Assuming neuronal current sources are statistically independent from noise sources such as 60 Hz, heart’s magnetic field, etc., independent component analysis (ICA) [25, 26] is used to decompose the recoded data into statistically independent sources. We employ the ICA algorithms embedded in Fieldtrip. The unmixing matrix yielded by the ICA algorithm, is used to remove the noise sources from the time-locked sensor-level channels.

Constructing the forward model.

The forward model in the context of functional brain imaging calculates the sensor-level magnetic topography, emanating from a specific neuronal current source [3]. The first step in calculating the forward model is finding the position of the subject’s brain relative to the sensors, a procedure commonly referred to as the co-registration of magnetic resonance imaging (MRI) and MEG data. The basic assumption in MEG-MRI co-registration is that the subject’s brain does not shrink or move inside the skull between the MRI and MEG sessions.

Four head position indicator (HPI) coils were placed on the subject’s scalp prior to running the MEG experiment. The positions of the HPI coils along with the subject’s head shape were digitized using an electromagnetic tracking system: Fastrack digitizer (Polhemus, US). Before presenting the subject with stimuli, a sequence of sinusoidal currents with a peak-to-peak amplitude of 2 mA and a frequency of 5.1, 5.2, 5.3, and 5.4 Hz are applied sequentially to the HPI coils. The magnetic field emanating from these coils is used for the dipole fitting routine [27] embedded in the Fieldtrip, determining the HPI coils positions relative to the OPM array.
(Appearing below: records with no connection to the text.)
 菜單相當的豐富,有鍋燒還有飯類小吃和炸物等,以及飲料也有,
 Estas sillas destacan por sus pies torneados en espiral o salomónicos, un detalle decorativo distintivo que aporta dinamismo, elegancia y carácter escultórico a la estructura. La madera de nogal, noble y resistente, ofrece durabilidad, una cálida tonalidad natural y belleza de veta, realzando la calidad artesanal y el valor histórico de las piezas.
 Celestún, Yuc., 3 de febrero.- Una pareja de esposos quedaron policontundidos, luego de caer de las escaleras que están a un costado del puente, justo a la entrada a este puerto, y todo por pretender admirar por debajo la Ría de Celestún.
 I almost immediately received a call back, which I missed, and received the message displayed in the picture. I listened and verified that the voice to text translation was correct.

The coordinates of the HPI coils are used for MEG-MRI co-registration.

The volume conduction model, i.e. head model, is calculated using the single-shell head model [28] provided in the Fieldtrip package. The head model estimates the return/volume current given a primary current dipole at a specific location inside the model volume; and in MEG both primary and return/volume currents contribute to the magnetic field outside the skull. The single-shell head model yields an accuracy comparable to that of the boundary element method (BEM) for MEG signals but avoids the tedious computations of BEM model [28].
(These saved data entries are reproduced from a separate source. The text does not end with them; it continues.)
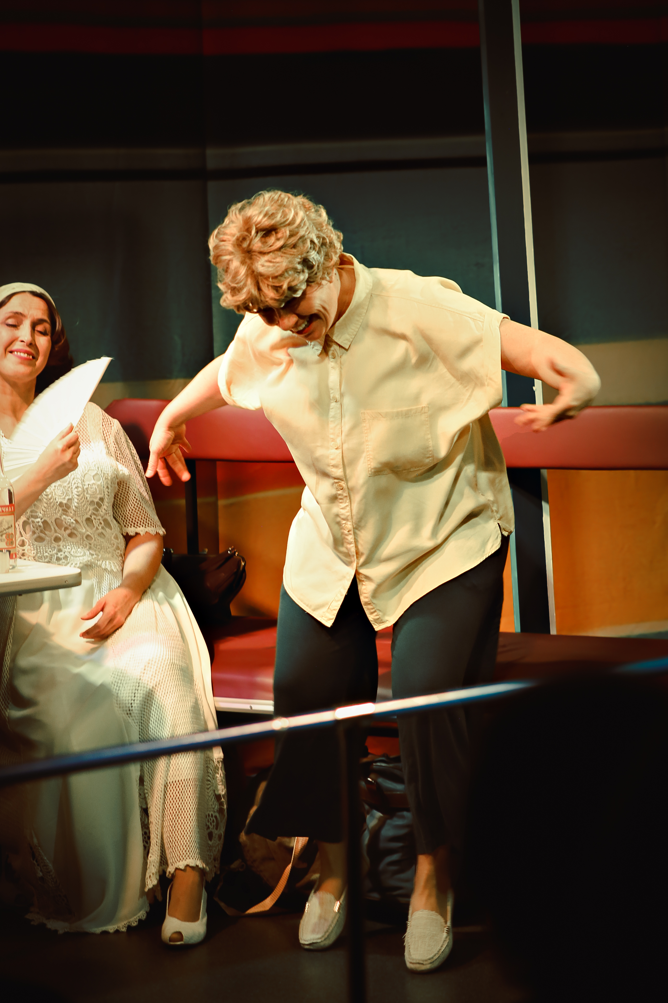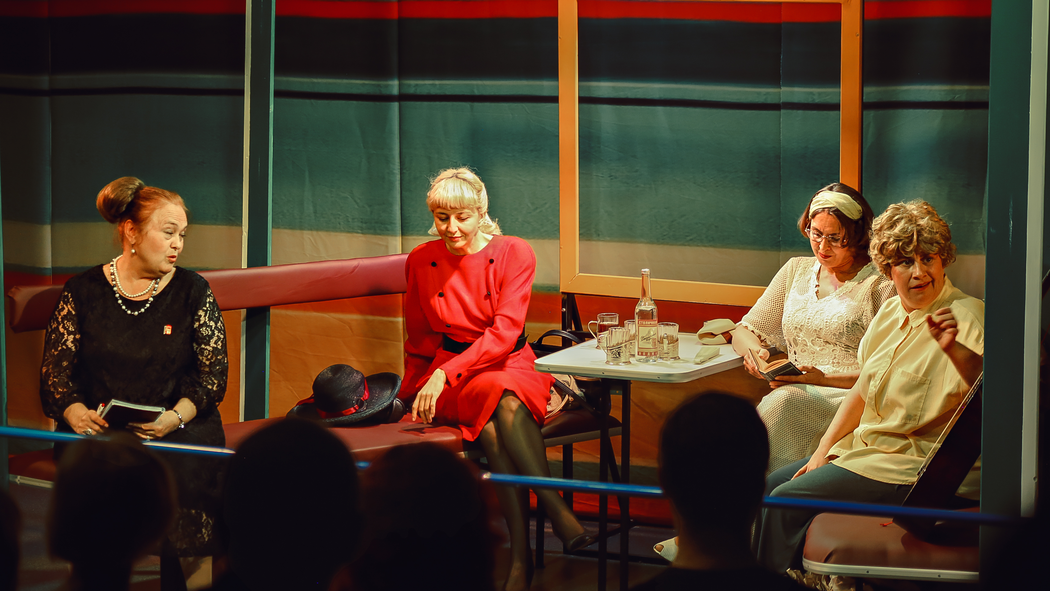 Спектакль замечательный! В основном, смеялись, но в двух местах слёзы навернулись на глаза, конечно же, это связано с переживаниями героини Раушании Тагировой, когда она говорит о войне, эта тема не может не тронуть сердце, душу. Несколько раз прозвучали рассуждения о душе, а из памяти всплывают строчки из произведения Нодара Думбадзе "Закон вечности", где главный герой произносит такие слова " Душа человека во сто крат тяжелее тела..." И сегодня эта тема очень ярко выражена в образе Нины Владимировны, которая всю жизнь несет в душе груз невосполнимой утраты... Елена Голобокова в образе Веры это просто яркий, искрометный фейерверк! Евгения, блестяще исполненная Татьяной Заболотской, совершенно противоположный образ - беспомощная, вечно попадающая в комические ситуации... Виктории, в исполнении Елены Соктиной, хочется верить, что она действительно не меркантильная, корыстная барышня, а любящая, заботливая жена. И строгая, но не лишённая сострадания, да ещё и танцующая проводница - Аделина Баталова! И объединил всех актрис-героинь наш замечательный режиссёр - Сергей Заболотский. Спектакль тронул за душу... Спасибо большое!
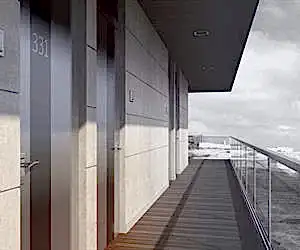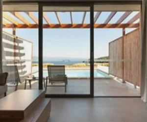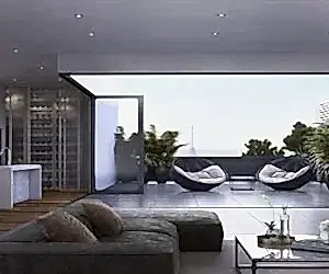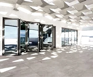 Oteller, modern evler ve ofis binaları gibi geleneksel yapılara ve büyük inşaatlara uygun üstten askılı, ısı yalıtımsız kayar-katlanır kapı sistemi.
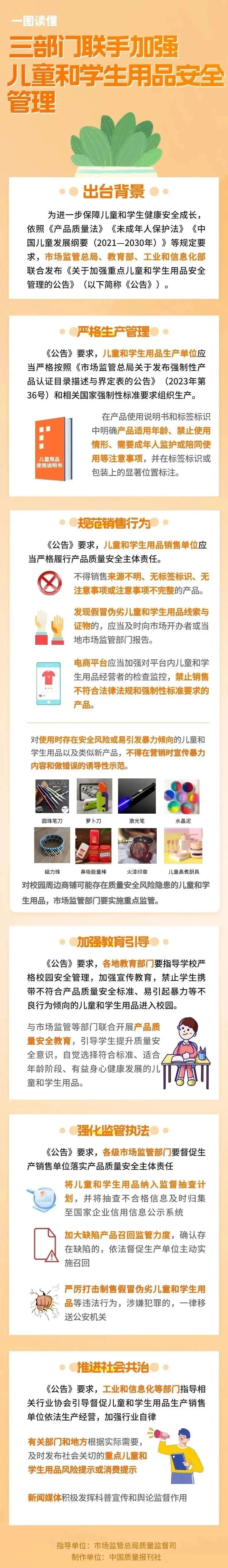為進(jìn)一步保障兒童和學(xué)生健康安全成長,依照《產(chǎn)品質(zhì)量法》《未成年人保護(hù)法》《中國兒童發(fā)展綱要(2021—2030年)》等規(guī)定要求,現(xiàn)就加強重點兒童和學(xué)生用品安全管理有關(guān)事項公告如下:

Neuronal current source localization.

The inverse problem in the context of functional brain imaging refers to finding the locations and orientations of neuronal current sources underlying a measured sensor-level magnetic spatial topography [1, 3]; this is an inherently ill-posed problem with multiple source solutions possible for a given magnetic topography [1, 3]. The precision of neuronal current source localization method depends on the quality of the sensor-level MEG data, stability of the magnetic sensors, and the robustness of the forward model. We apply an equivalent current dipole (ECD) fitting algorithm to localize neuronal current sources activated in the AEF and SEF experiments. Dipole fitting is an iterative algorithm which minimizes the error between model and measured magnetic field [1]. In this method, the (neuronal current) source is modeled as an equivalent current dipole; the neurophysiological reasoning behind this assumption is that activated pyramidal cells in the cortical regions are aligned side by side and the generated magnetic field is measured at a distance by the sensors [3] such that simultaneously active focal groups of neurons approximate a point source from the point of view of the sensors positioned outside of the head.
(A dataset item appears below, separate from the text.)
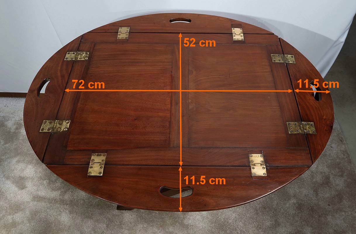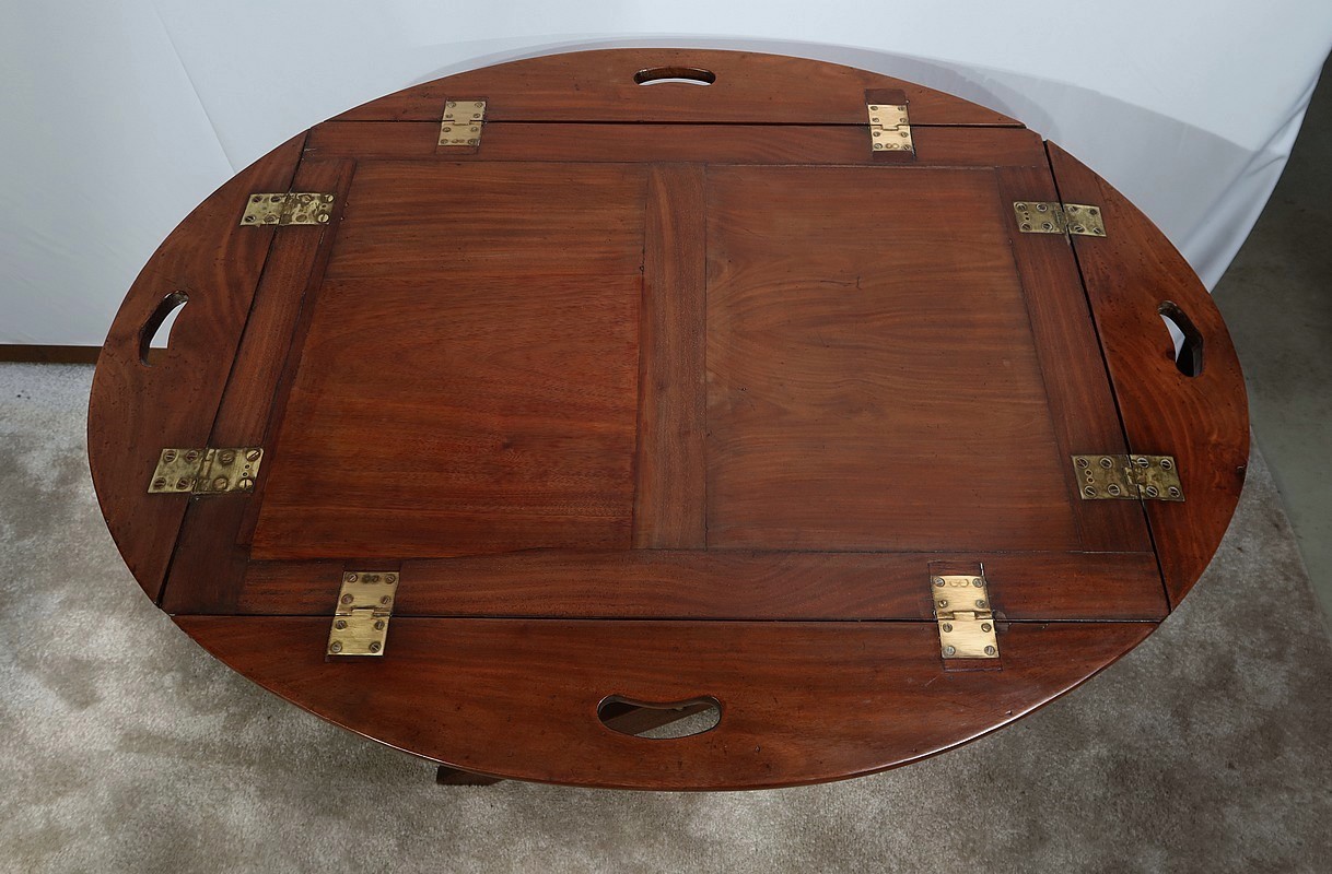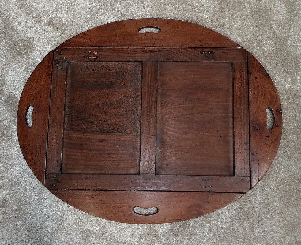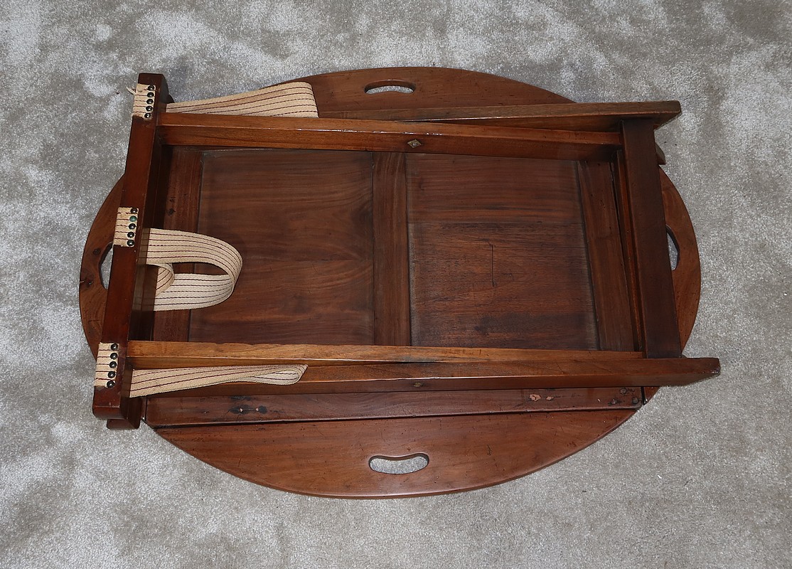 Table Butler en acajou massif avec un dessus ovale composé d’un plateau rectangulaire et de rebords légèrement arrondis, se repliant sur des charnières laiton encastrées d’origine. Ces rebords sont creusés de poignées à main.
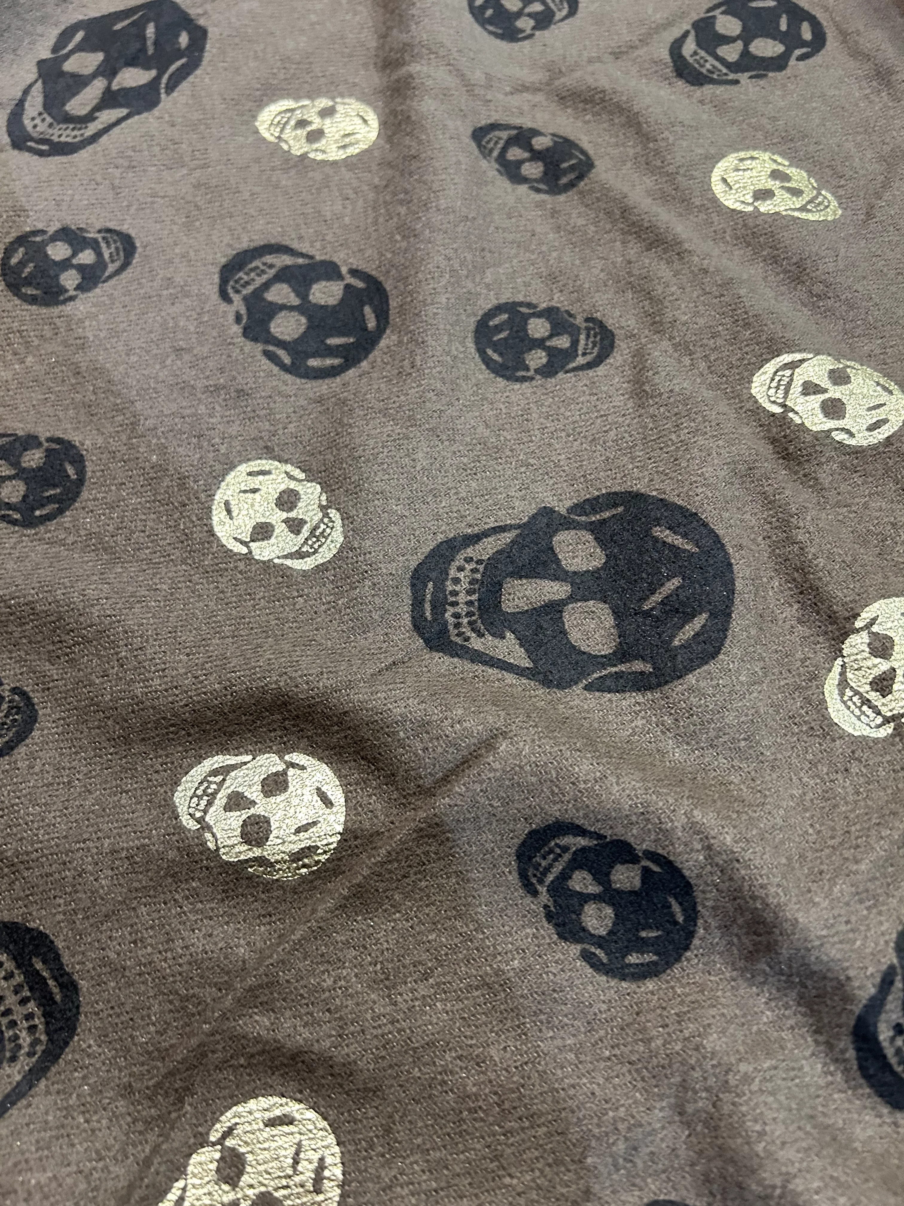 ein goldenes Paisley-Design, Skulls in Gold und eine unifarbene Fläche als Kontrast.

We used Fieldtrip to implement our dipole fitting routine. We defined the grid points across the whole brain, rather than selecting cortical regions. With a resolution of 0.5 cm, we complement our grid scanning procedure with non-linear search to fine-tune the position and orientation of an optimal single current dipole. For AEF, even though there are two simultaneously activated bilateral cortical regions, it is safe to assume that a single current dipole is an adequate source model; this assumption is based on the fact that our OPM sensor array covers the left hemisphere and, due to large distance, does not sense the magnetic field stemming from the activated auditory cortex in the right hemisphere. For SEF, we stimulate the median nerve of the right wrist, hence the early activated somatosensory cortex (N20m) is in the left hemisphere where the OPM sensor array is located.

Results

Array characterization

The person-sized magnetic shield, housing the sensor array, provides a measured shielding factor of ~1600 in the longitudinal direction. Using commercial fluxgates, the vectoral transfer function of the coils embedded in the shield, are measured at various locations in the vicinity of the sensor array. Using non-linear optimization, we solve for a set of DC current values for the 18 embedded coils to minimize the remnant DC magnetic field as is measured by the sensor array. By employing this technique, we have successfully reduced the background magnetic field to < 0.3 nT along the two sensitive axes of each sensor. Sensor conversion factors, i.e. gain, are measured using the shield coils, as shown in Fig 6-A. There are several factors affecting the measured gain including number of alkali atoms which is a function of temperature, and laser power; hence, the measured gain varies among the channels as depicted in the histogram of Fig 6-A. Fig 6-B shows the histogram of the measured noise performance. The average noise is estimated between 10–44 Hz after cleaning the array data using ICA. Channels with low conversion factor have poor noise performance; however, noise performance is impacted by other factors such as how well the polarimeter is balanced and cancels the laser amplitude noise, ambient magnetic noise, shield vibration/acoustic noise, etc.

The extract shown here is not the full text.